- _Work order_
Set down exactly the lines below between the line holding "MANIFESTAÇÃO – Dani" and the line holding "Thậm chí, rất", inclusive; no other line belongs in the answer.

- _Data supplied_
^^^^
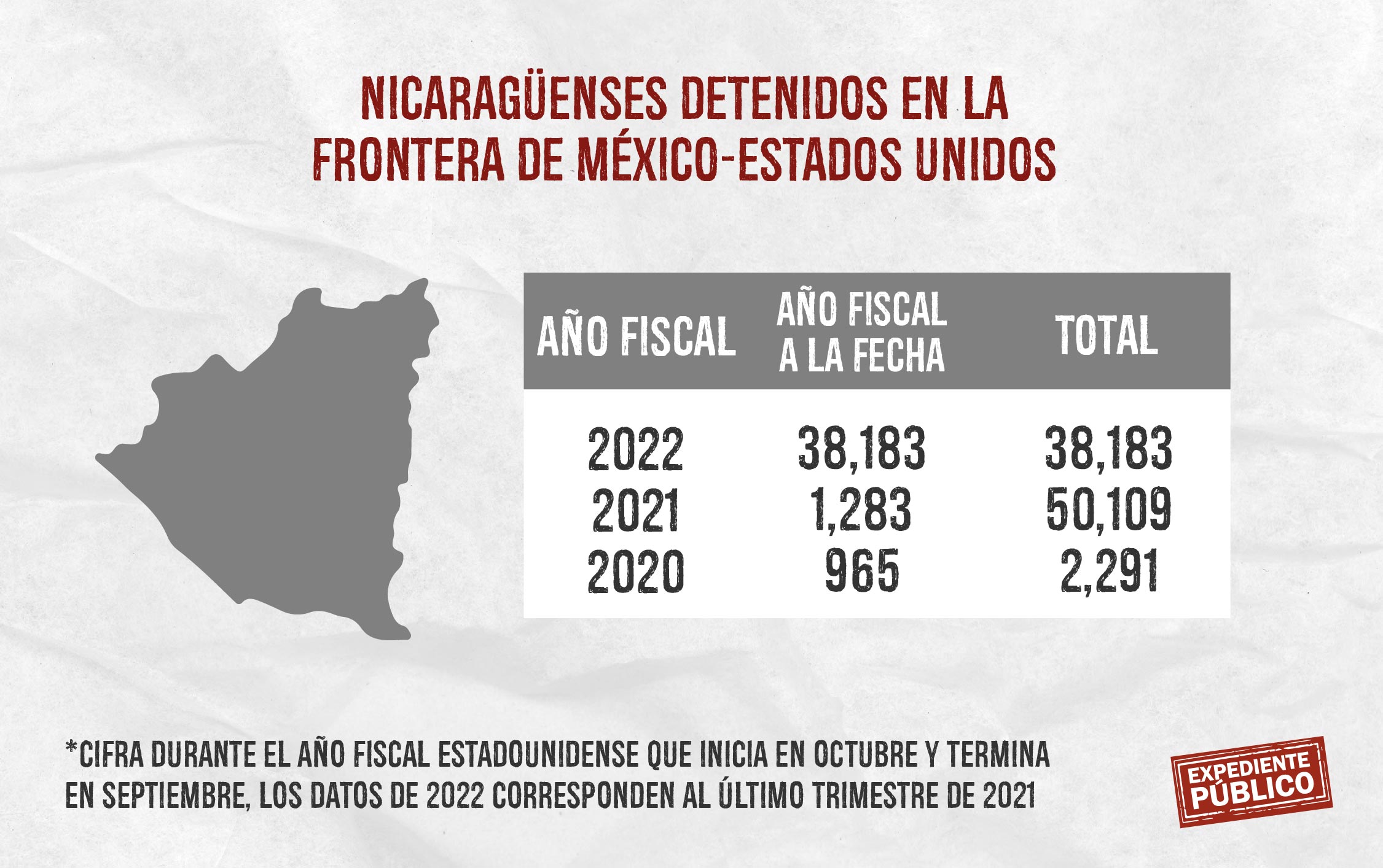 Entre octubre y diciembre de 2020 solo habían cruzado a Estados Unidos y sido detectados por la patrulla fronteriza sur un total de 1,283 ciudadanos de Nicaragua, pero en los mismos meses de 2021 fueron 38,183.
^^^^
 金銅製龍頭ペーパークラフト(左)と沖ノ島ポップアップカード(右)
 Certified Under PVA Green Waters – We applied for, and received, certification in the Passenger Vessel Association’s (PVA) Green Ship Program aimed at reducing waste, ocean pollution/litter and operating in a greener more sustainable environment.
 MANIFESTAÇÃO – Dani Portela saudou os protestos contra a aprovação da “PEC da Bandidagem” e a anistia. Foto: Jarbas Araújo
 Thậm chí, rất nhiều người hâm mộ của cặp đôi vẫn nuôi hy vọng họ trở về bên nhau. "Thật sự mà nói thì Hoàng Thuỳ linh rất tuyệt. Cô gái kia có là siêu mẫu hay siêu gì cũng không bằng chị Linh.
^^^^
- _Answer space_
 MANIFESTAÇÃO – Dani Portela saudou os protestos contra a aprovação da “PEC da Bandidagem” e a anistia. Foto: Jarbas Araújo
 Thậm chí, rất nhiều người hâm mộ của cặp đôi vẫn nuôi hy vọng họ trở về bên nhau. "Thật sự mà nói thì Hoàng Thuỳ linh rất tuyệt. Cô gái kia có là siêu mẫu hay siêu gì cũng không bằng chị Linh.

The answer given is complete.